Now the third part, which is prioritization. The 12F has been demonstrated such safe, very outstanding safety profile as well as efficacy across -- about now total 50 patients and across 3 indications, r/r MM, NDMM, NHL. We believe this dual-targeting compound has very unique applicability. In addition to hematological cancers, there will be a possibility to cross the line to immunology indications because of BCMA CD19, or CD19 or/and the CD19. So we reprioritize our resources, and we like to focus on expansion of the application of this product.

And with that, our final question comes from the line of Louise Chen from Cantor Fitzgerald.

This is Wayne for Louise. Congrats on the progress. So my first question is, do you think the Phase II portion of the U.S. study for the GC012 that could serve as a basis for accelerated approval? And then I also wanted to ask, you have a lot of going on this year, very, very busy. So what are your key most important readouts that you're looking forward to this year?

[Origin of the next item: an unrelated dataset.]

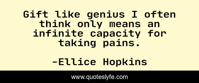 This page presents the quote "Gift like genius I often think only means an infinite capacity for taking pains.". Author of this quote is Ellice Hopkins. .

Yes, 2 questions. Wendy, do you want me to take that one?

Yes, go ahead.

Okay. The Phase II -- after the Phase II [15] patients enrollment, are we looking at a breakthrough? It's very possible, of course. But let's see from Phase Ib data, and we'll certainly look forward to apply for that. Now we do have a lot going on this year, particularly this year, lots going on. R&D study in the U.S. and new programs entering clinical IIT and we are moving on borrowing some of these new products, R&D filing in the U.S. as well as in China.

But it's all been laid out nicely. They are stack out with all the resources aligned. And of course, the focus is continue to be without hesitation pushing forward with the 12F on r/r MM because that's going to demonstrate a lot of features of this product.

And then additional application of this compound is sort of being laid out, newly diagnosed NHL and potentially the immunology indication. So these are sort of key focus. But then we are also very excited about the solid tumor program. Claudin 18.2 is sort of proven target. Now our logic is very simple. If we add on SMART CAR device would the efficacy be better, which is so much needed for solid tumor, right?

Now for the TruUCAR platform, with continuing refinement of the UCAR-T product technology as well as the product and with the goal of extending the persistence, which is the key to off-the-shelf CAR-T product. And we do see very encouraging preclinical data in both solid tumor program as well as the UCAR-T program.

And then we'll see now what's going to happen in preclinical model and would like to see in human model -- in human studies. So it's a very exciting year, and we're looking forward to see data coming out in mid of the year and end of the year.

I would now like to turn the call back to Dr. William Cao.

Thank you again to everyone for joining us on the call. We are proud of the progress the Gracell team made over the past year. 2023 will be a critical year for us as we are on track to initiate our r/r MM IND studies in the U.S. and China. We believe Gracell is well positioned to deliver CAR-T cell therapy that can potentially transform the treatment landscape. We look forward to providing clinical data updates and sharing key pipeline and technology updates throughout the year.

Ladies and gentlemen, this concludes today's presentation. Thank you once again for your participation. You may now disconnect.